The issue of water and sanitation is of utmost importance given the place of women in African society. It illustrates how African women suffer from inequality, particularly when it comes to access to education.
In an African context, drawing water, transportation, storage and use, and cleanliness of public and private facilities are mostly the responsibility of women. Therefore, the scarcity of water and insufficient water supply equipment greatly affect the schooling of young girls and the education of women.
Indeed, in some rural regions, women and girls are obliged to trek up to 15 kilometres every day to fetch water. In urban areas, the lack of water fountains results in long waiting lines lasting hours and very often resulting in social conflicts.
Lack of latrines at school: another reason girls drop out
Even when girls attend school, the lack of sanitation facilities available is another reason a high number of girls drop out of school when they reach the age of puberty.
Drinking water and sanitation projects, especially in rural areas, contribute to the reduction of water-related chores and provide women and girls the opportunity to engage in other educational and income-generating activities, while creating the conditions for a healthy environment. These projects, therefore, directly address the protection of women’s rights.
Given the role of African women in the continent’s socio-economic development, the African Development Bank (AfDB) has always taken the gender dimension into consideration in its projects. Thus, the priorities of the Bank’s Water and Sanitation Department (OWAS) integrate the gender issue in the design of the Bank’s programs and projects. In addition to the institution’s Gender Policy, which was approved in 2001, the AfDB has drawn up a Gender Integration Plan in all its projects. As such, all drinking water and sanitation programs financed by the Bank incorporate the gender dimension, from the preparation stage through to completion.
Cooperation essential in the financing and management of water resources
Cooperation is a key factor both in the financing of water and sanitation projects and programs as well as in the management of this precious resource. The Rural Water Supply and Sanitation Initiative, launched by the Bank in 2003 in partnership with other donors, has already provided drinking water to 51 million people and access to sanitation facilities for 34 million people, of whom 50 per cent are women.

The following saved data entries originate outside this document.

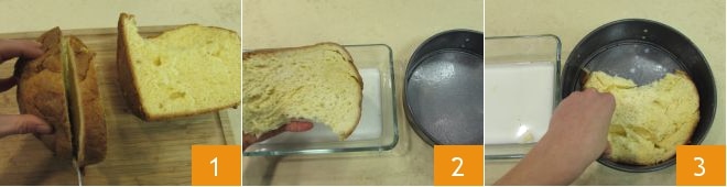 Pour préparer le gâteau de panettone gastronomique, coupez le panettone salé en tranches d'environ 3 centimètres 1, obtenant ainsi 6 tranches. Beurrez un moule à charnière de 20 cm, trempez une première tranche de panettone dans le lait 2 et disposez-la au fond du moule en appliquant une légère pression 3.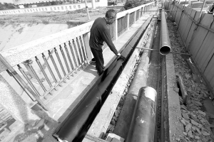 连日来,在周口市区中州大道大桥上,周口银龙水务有限公司施工人员一直加班加点更换输水管道。据施工人员介绍,原有的一根长240米的输水管道因使用年限已到,需要更换两根等口径、长240米的输水管道,以保障沙颍河以北居民用水需求。据悉,此工程预计本周内全部完成。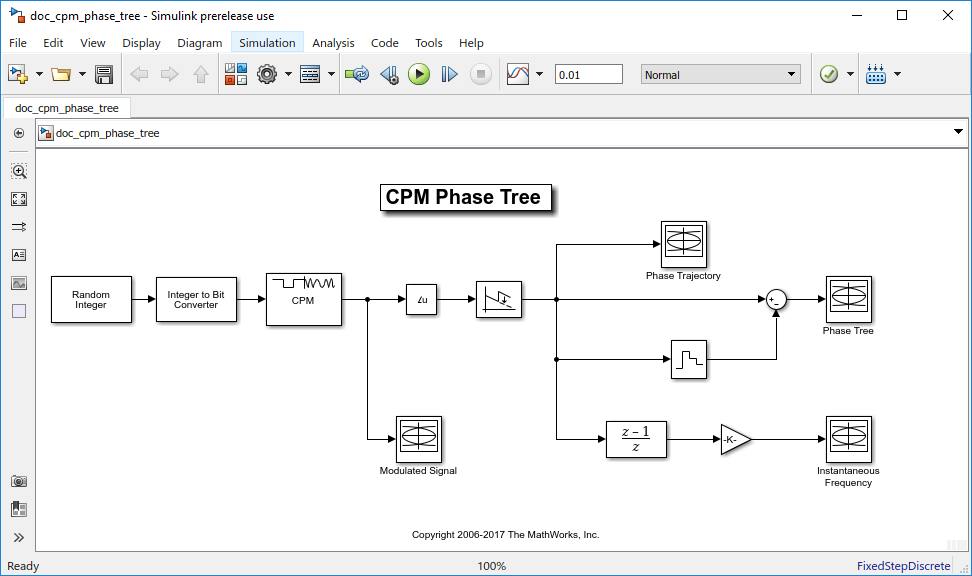 Этот пример, doc_cpm_phase_treeиспользует различные блоки Communications Toolbox™, DSP System Toolbox™ и Simulink ® для моделирования сигнала CPM основной полосы частот.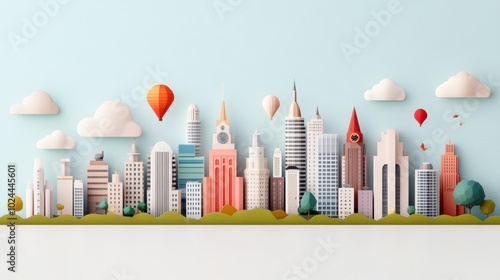 A historical and nostalgic illustration of a cityscape skyline depicting the architectural evolution of the city and its historical significance.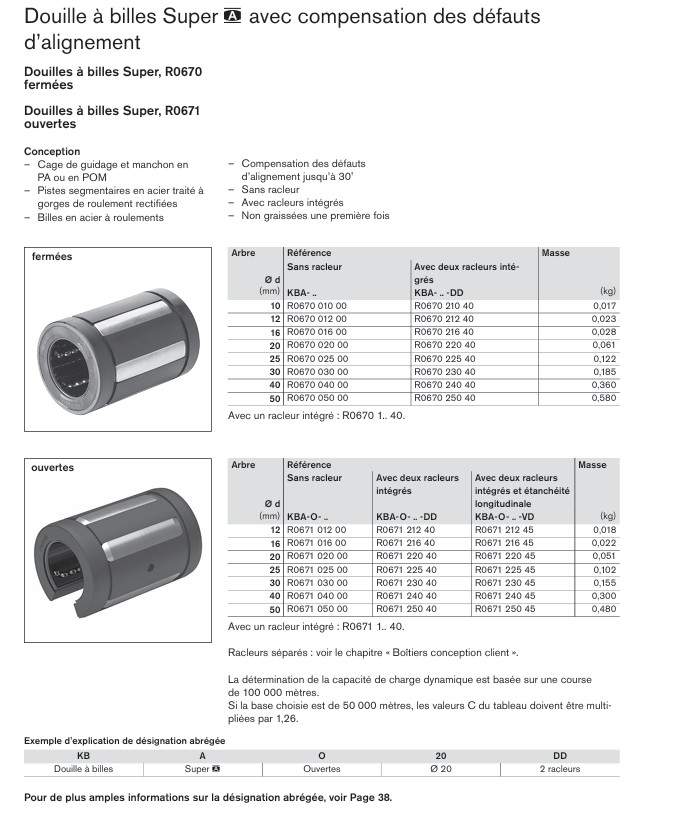 La douille à billes Super KBA-30 (R067003000) est un composant mécanique conçu pour les applications industrielles nécessitant précision, fiabilité et résistance dans le temps. Robuste et économique, elle constitue une solution idéale pour optimiser le guidage linéaire dans de nombreux systèmes mécaniques. Grâce à sa conception avancée, la Super KBA-30 assure un fonctionnement fluide et autonome. Son système d’auto-alignement permet de compenser les légères déviations de l’arbre et les défauts d’alignement pouvant aller jusqu’à 30°, limitant ainsi les contraintes mécaniques et l’usure prématurée des composants. Compacte et simple à intégrer, cette douille à billes s’adapte parfaitement aux équipements exigeant à la fois précision, robustesse et tolérance aux imperfections d’alignement. Elle est particulièrement adaptée aux systèmes de guidage linéaire, machines-outils, convoyeurs et à de nombreux montages mécaniques industriels.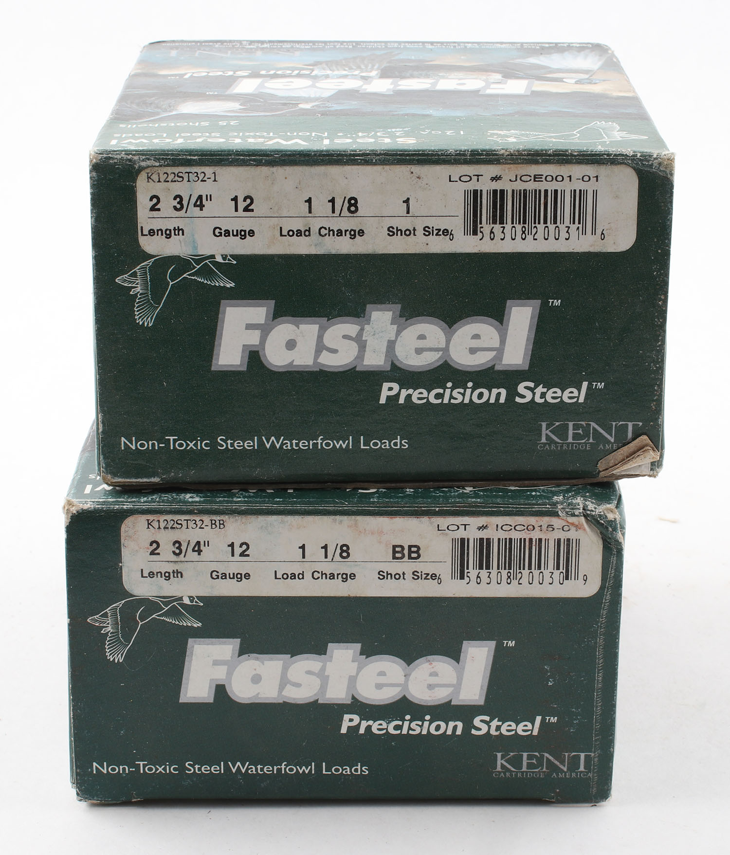 Lot of 2 Kent, 12ga., 1pc., Appears Full, shot size 1 & BB, multi-colored boxes. Grade: Very Good + - Value: 10 to 40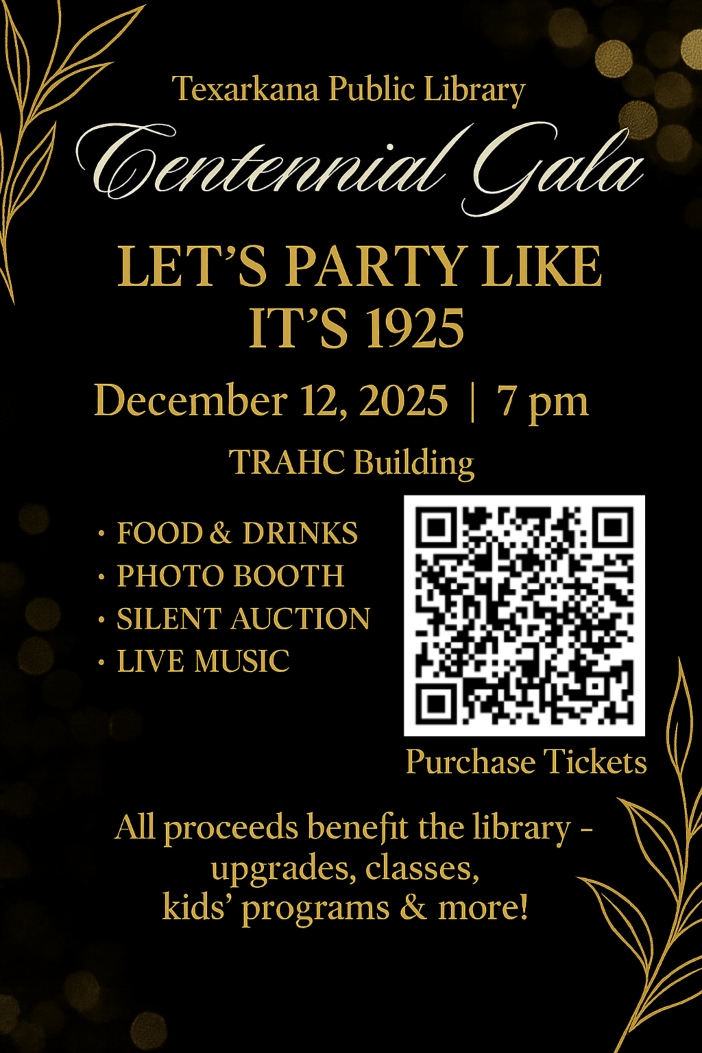 The evening will honor 100 years of literacy, learning, and cultural enrichment in Texarkana. Guests can expect a warm, festive atmosphere featuring delicious food, lively entertainment, and plenty of opportunities to reconnect with friends, neighbors, and community leaders.
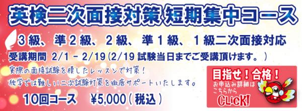 2月1日より試験当日の2月19日まで二次試験(3級~1級まで)面接対策の短期集中講座を開講いたします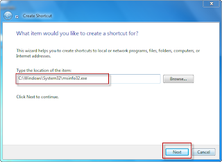 2.In the path for shortcut,type : C:WindowsSystem32msinfo32.exe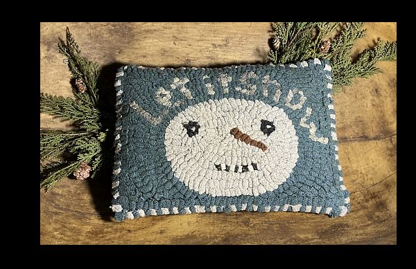 A sweet little 10 1/2" x 8" hooked pillow. I designed and hooked it using #9 cut wool strips. A lovely blue background with the words "Let it Snow" and the face of a sweet snowman. It is backed with the same off-white wool I used for the face. It does appear whiter than it actually is! Stitched together by hand to form the pillow and stuffed with wool snips, which gives it a nice, heavy, lumpy feel. Shipping is included in the price!

For women and girls, the benefits of such measures are multiple: i) a higher rate of school attendance; ii) improved access to education and training; iii) better representation by women in decision-making committees for water points and public latrines; iv) improved health; v) a notable decrease in acts of violence and aggression against women who fetch water from long distances; vi) improved economic status thanks to a reduction in health expenses relating to water-borne diseases and a greater participation in income-generating activities.
In spite of all these achievements, much remains to be done to recognize water as the true catalyst it is in transforming the current cultural and social order into one in which the rights of African women are fully ensured.
For this to happen, cooperation needs to be strengthened between institutions to better manage this resource in order to contribute to the eradication of poverty and underdevelopment faced primarily by women and children.